A fair amount of the things I build involve pulling data from multiple APIs. (I
suspect this is true of a fair amount of the things you build too, O reader.)
And what that involves is a bunch of juggling to handle querying those APIs,
collecting the results together, working out what to do if one API call fails
and the rest don't, adding caching layers, and so on. This is one of those
insidious programming tasks where it looks easy, because you can write a
prototype in five minutes, and then gradually over time you add robustness every
time a bug's discovered. Think of it like making an HTTP request.

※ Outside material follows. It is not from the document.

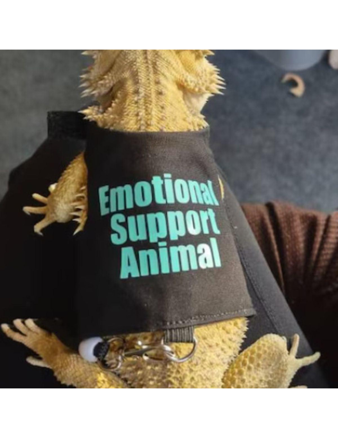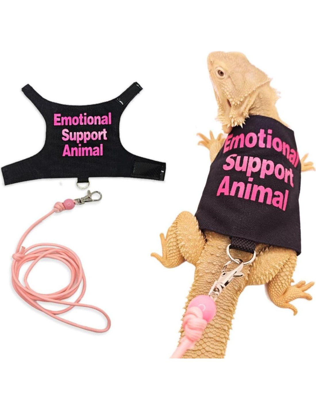 - Diseño: "Animal de Apoyo Emocional" está impreso en la parte posterior de este arnés. El diseño único está lleno de amor, haciendo que tu lagarto luzca diferente.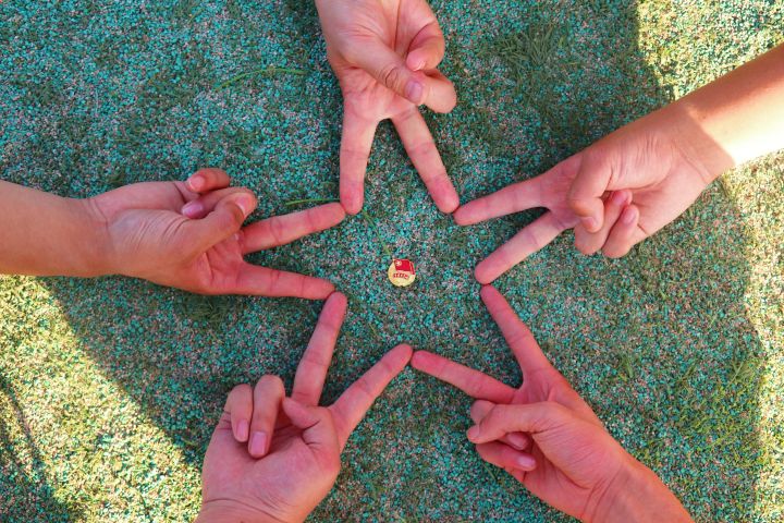 同学们在校园内不同地点拍下与团旗、团徽的创意合照,记录美好瞬间。他们脸上热情而坚毅的模样,展示出了青年朝气蓬勃和昂扬向上的精神风貌。

This is not
hard, in concept; you can write the code to do it in a couple of lines at most,
but everyone who has ever considered doing this very quickly realises that
you're a lot better off to use one of the convenient higher-level libraries that
already exist -- got
for Node,
requests
for Python, etc.
This is because no plan survives contact with the enemy, and no freshly-written
code survives contact with the real world with all its edge cases and grubby
inconsistencies. So if you choose to not use got or requests or similar, you
will over time end up doing a half-arsed poorly-tested reimplementation of them
inside your own code. I advise against this. Instead, use the libraries that a
dedicated open source community has provided for you (and then send them some
funding so they keep doing that.)
And this applies to making and collating multiple API requests, too. Looks easy at first: many small edge cases. So that's what the pipeline library is for.
Pipelinish reasons
In essence, you build a reusable function that does an API query for each API you want to call, and then the pipeline strings them all together and takes care of aggregating the results. It's not doing the API querying work itself; it's all the fiddly bookkeeping, plus giving you a few hooks to add conveniences such as caching later if you need it. The pipeline documentation explains in more detail, but the tl;dr is what you've just read. They call the reusable functions "flow elements" and the query parameters "evidence", and the whole thing is implemented in a bunch of different languages: JavaScript and Python, PHP, C#, Java.
An example is useful here. Let's say that, given a geographical location, we want to combine weather data from 7timer and city data from Teleport. This involves making two separate queries, one to each of the APIs. To do that with the pipeline, we have two steps: make a flow element for each of the 7timer API and the teleport API, and then add each to a pipeline and run it. Flow elements first.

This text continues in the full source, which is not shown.